■ **GOAL OF THE EXERCISE**:
Leaving out the pictures, output each record exactly as it stands.

[Entries taken from a collection]

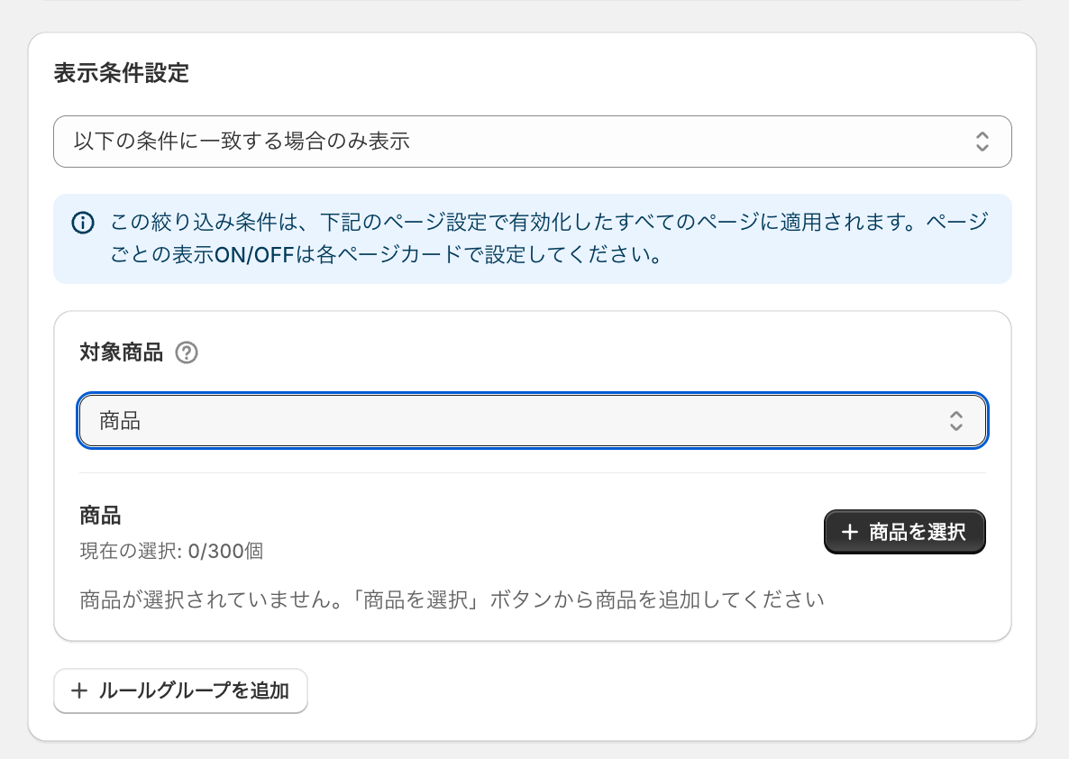 商品、バリエーション、商品タグ、顧客タグによって、表示条件を制御することが可能です。
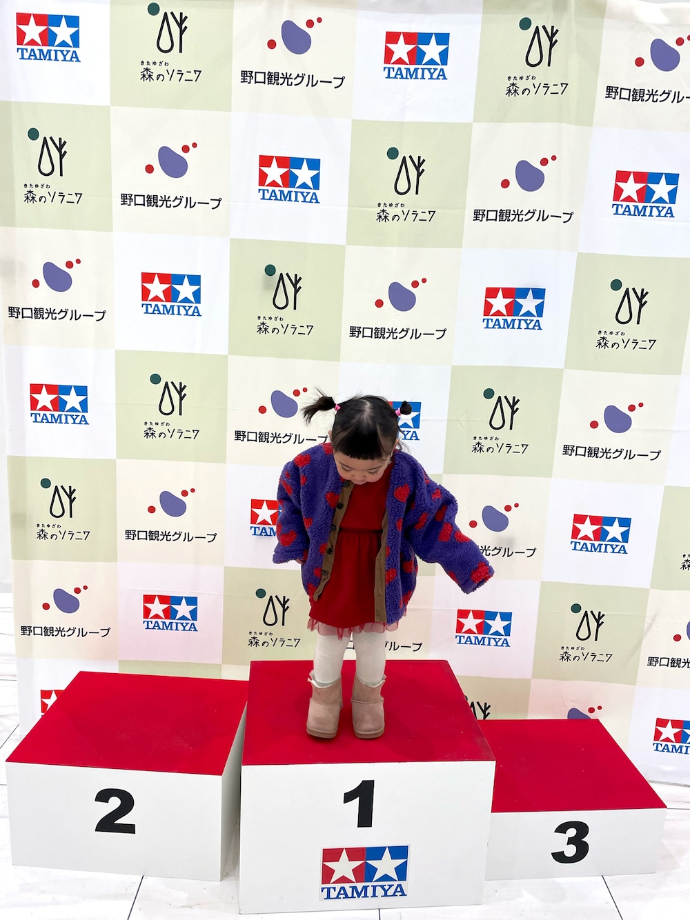 パープル系のジャケット/アウターを着用したキッズの冬コーディネートの1枚目の写真
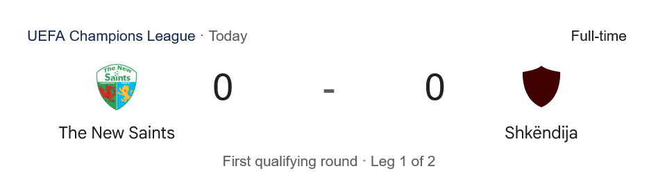 บ้านกีฬา พาเกาะติดศึกยูฟ่าแชมเปียนส์ลีก รอบคัดเลือก รอบแรก เลกแรก ที่สนามของ เดอะ นิว เซนต์ส จบลงด้วยผล บ้านผลบอล แบบไม่มีใครยิ้มออก เมื่อเจ้าถิ่นเสมอกับ ชเคนดิย่า ไปแบบไร้สกอร์ 0-0 แต่เต็มไปด้วยจังหวะตึงเครียดและใบเหลืองมากมาย เกมนี้ทำให้ต้องไปลุ้นกันต่อในเลกสองที่บ้านของ ชเคนดิย่า กลางสัปดาห์หน้า
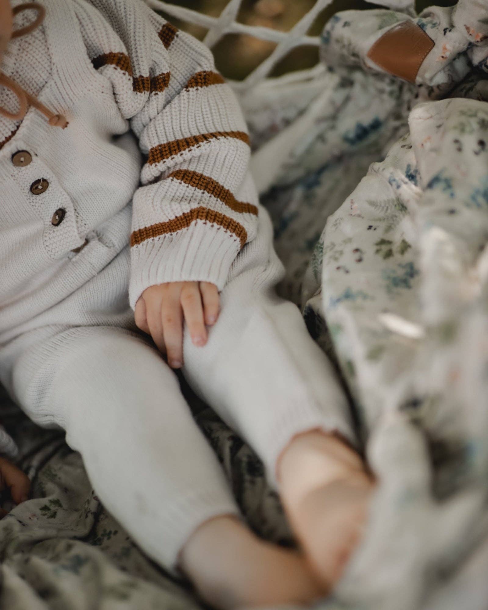 Really cute knitted braces with ribbons that can be crossed on the back. The material is delightfully soft and without scratching, which makes them comfortable to wear. The harnesses have a button closure with wooden buttons on the chest, which makes it easier for the child to put them on. The trouser legs are ribbed for a better fit.
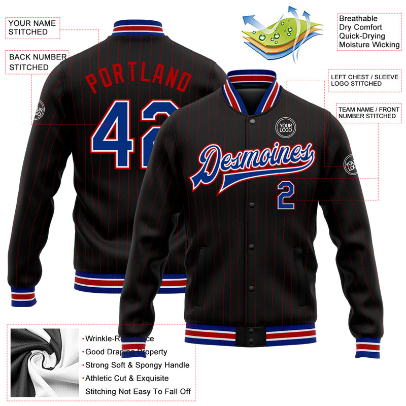 Custom Black Red Pinstripe Royal-White Bomber Full-Snap Varsity Letterman Jacket
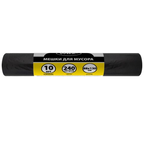 Изготовлены из полиэтилена высокого давления (ПВД) плотностью 50 микрон и имеют объем 240 литров. Размер мешка – 88х130 см (±5%). Поставляются в рулоне по 10 штук.

■ **EXERCISE ANSWER**:
 商品、バリエーション、商品タグ、顧客タグによって、表示条件を制御することが可能です。
 パープル系のジャケット/アウターを着用したキッズの冬コーディネートの1枚目の写真
 บ้านกีฬา พาเกาะติดศึกยูฟ่าแชมเปียนส์ลีก รอบคัดเลือก รอบแรก เลกแรก ที่สนามของ เดอะ นิว เซนต์ส จบลงด้วยผล บ้านผลบอล แบบไม่มีใครยิ้มออก เมื่อเจ้าถิ่นเสมอกับ ชเคนดิย่า ไปแบบไร้สกอร์ 0-0 แต่เต็มไปด้วยจังหวะตึงเครียดและใบเหลืองมากมาย เกมนี้ทำให้ต้องไปลุ้นกันต่อในเลกสองที่บ้านของ ชเคนดิย่า กลางสัปดาห์หน้า
 Really cute knitted braces with ribbons that can be crossed on the back. The material is delightfully soft and without scratching, which makes them comfortable to wear. The harnesses have a button closure with wooden buttons on the chest, which makes it easier for the child to put them on. The trouser legs are ribbed for a better fit.
 Custom Black Red Pinstripe Royal-White Bomber Full-Snap Varsity Letterman Jacket
 Изготовлены из полиэтилена высокого давления (ПВД) плотностью 50 микрон и имеют объем 240 литров. Размер мешка – 88х130 см (±5%). Поставляются в рулоне по 10 штук.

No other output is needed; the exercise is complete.